Sequence direct exchange

  1. if the CommunityFederation.pubKey of the additional node does not exists in the CommunityFederation table the DHT-node starts a direct exchange with this foreign node to gets the data the first time, otherwise to update previous exchanged data.
  2. the DHT-node opens a direct connection per hyperswarm with the additional node and exchange respectively the url and apiversion between each other.
    1. to support the future feature that one community can provide several urls and apiversion at once the exchanged data should be in a format, which can represent structured information, like JSON (or simply CSV - feel free how to implement, but be aware about security aspects to avoid possible attacks during parsing the exchanged data and the used parsers for it)

      { 
         "API": 
         { 
            "url"       : "comB.com", 
            "version"   : "1.0", 
            "validFrom" : "2022.01.01" 
         }
         "API" :
         { 
            "url"       : "comB.com", 
            "version"   : "1.1", 
            "validFrom" : "2022.04.15" 
         }
         "API" :
         { 
            "url"       : "comB.de", 
            "version"   : "2.0", 
            "validFrom" : "2022.06.01" 
         }
      }
      
    2. the DHT-Node writes per apollo-ORM the received and parsed data from the foreign node in the database

      1. For the future an optimization step will be introduced here to avoid possible attacks of a foreign node by polute our database with mass of data.

        1. before the apollo-ORM writes the data in the database, the apollo-graphQL invokes for all received urls and apiversions at the foreign node the request https.//<url>/<apiversion>/getPubKey().
        2. Normally the foreign node will response in a very short time with its publicKey, because there will be nothing to en- or decrypt or other complex processing steps.
        3. if such a request runs in a timeout anyhow, the previous exchanged data with the foreign node will be almost certainly a fake and can be refused without storing in database.

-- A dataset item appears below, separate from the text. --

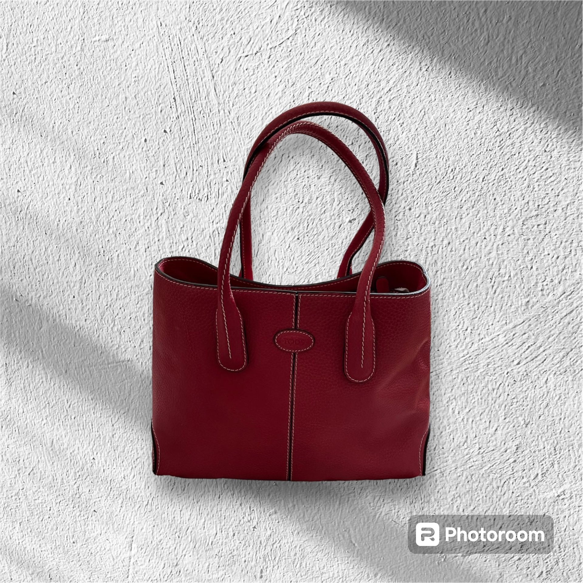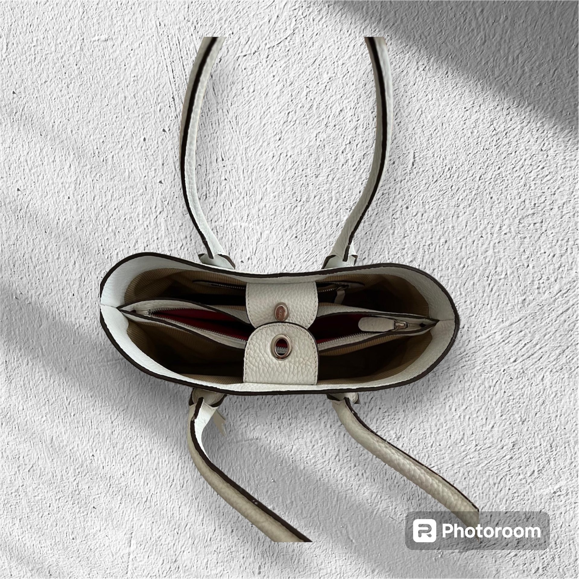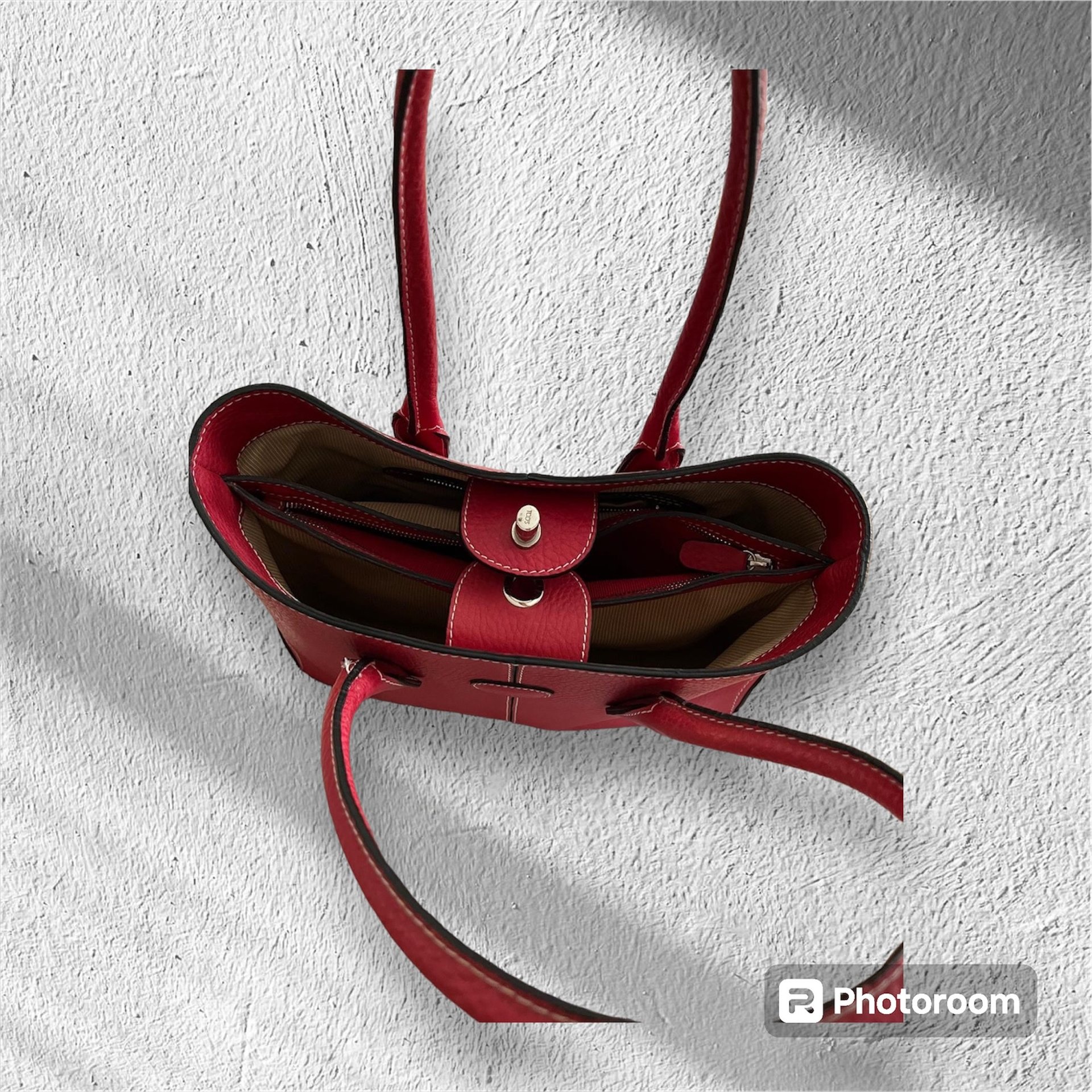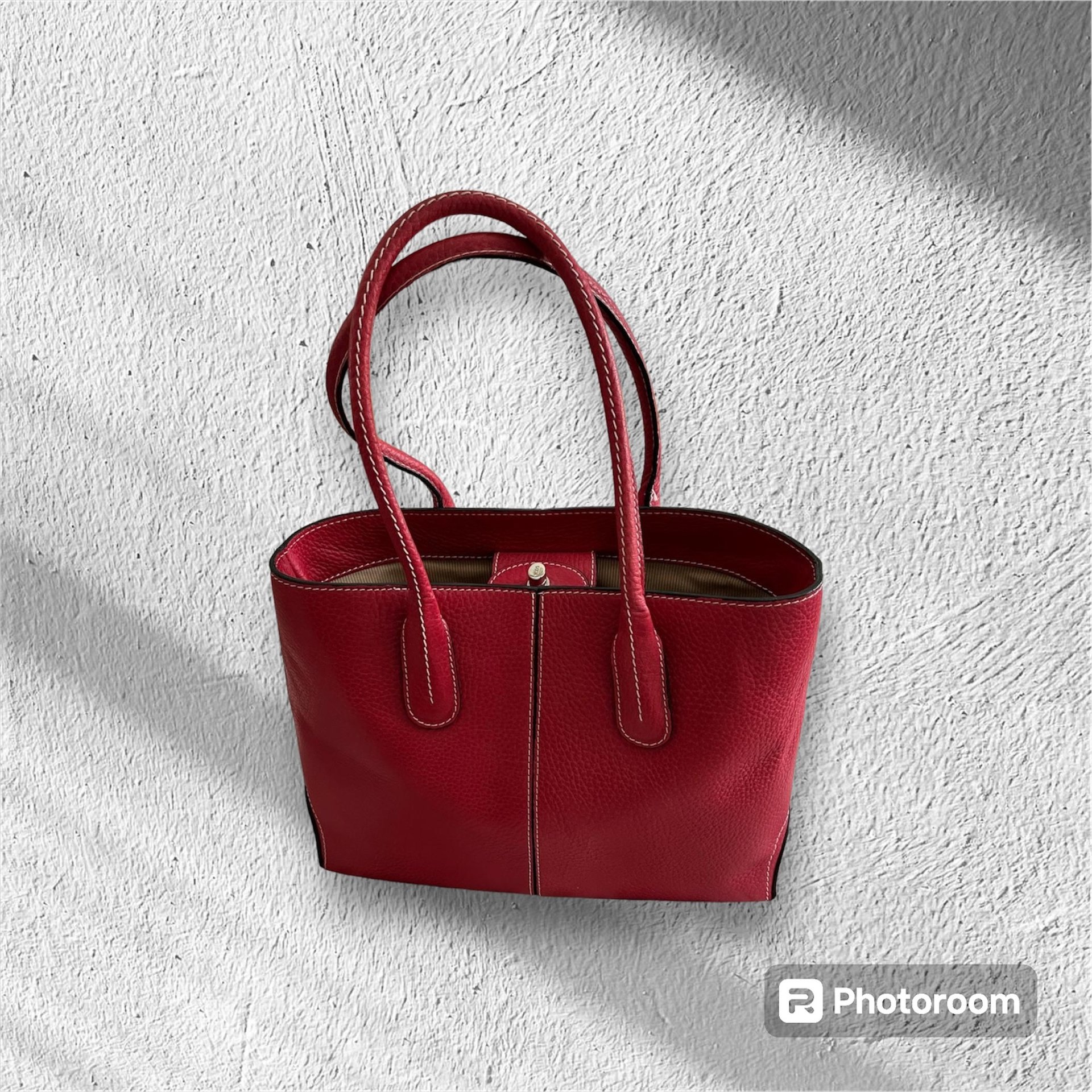 Rote und weiße Tasche haben die Maße H 28 B 37 T 11 cm ca.

Break the further federation processing steps and stages and return back to stage1 join&connect.
        4. if the response is in time the received publicKey must be equals with the pubKey of the foreign node the DHT-Node gets from hyperswarm dht per topic during the join&connect stage before
        5. if both keys are the same, the writing of the exchanged data per apollo-ORM can go on.
        6. if both keys will not match the exchanged data during the direct connection will be almost certainly a fake and can be refused without storing in database. Break the further federation processing steps and stages and return back to stage1 join&connect.
      2. the apollo-ORM inserts / updates or deletes the received data as follow

        • insert/update in the CommunityFederation table for this foreign node:

          Column insert update
          communityFederation.id next sequence value keep existing value
          communityFederation.uuid null keep existing value
          communityFederation.foreign TRUE keep existing value
          communityFederation.createdAt NOW keep existing value
          communityFederation.privateKey null keep existing value
          communityFederation.pubKey exchangedData.pubKey keep existing value
          communityFederation.pubKeyVerifiedAt null keep existing value
          communityFederation.authenticatedAt null keep existing value
        • for each exchangedData API

          if API not exists in database then insert in the CommunityApiVersion table:

          Column insert
          communityApiVersion.id next sequence value
          communityApiVersion.communityFederationID communityFederation.id
          communityApiVersion.url exchangedData.API.url
          communityApiVersion.apiversion exchangedData.API.version
          communityApiVersion.validFrom exchangedData.API.validFrom
          communityApiVersion.verifiedAt null

          if API exists in database but was not part of the last data exchange, then delete it from the CommunityApiVersion table

          if API exists in database and was part of the last data exchange, then update it in the CommunityApiVersion table

          Column update
          communityApiVersion.id keep existing value
          communityApiVersion.communityFederationID keep existing value
          communityApiVersion.url keep existing value
          communityApiVersion.apiversion keep existing value
          communityApiVersion.validFrom exchangedData.API.validFrom
          communityApiVersion.verifiedAt keep existing value
    3. After all received data is stored successfully, the DHT-Node starts the stage2 - Authentication of the federation handshake

Stage2 - Authentication

The 2nd stage of federation is called authentication, because during the 1st stage the hyperswarm dht only ensures the knowledge that one node is the owner of its keypairs pubKey and privateKey. The exchanged data between two nodes during the direct exchange on the hyperswarm dht channel must be verified, means ensure if the proclaimed url(s) and apiversion(s) of a node is the correct address to reach the same node outside the hyperswarm infrastructure.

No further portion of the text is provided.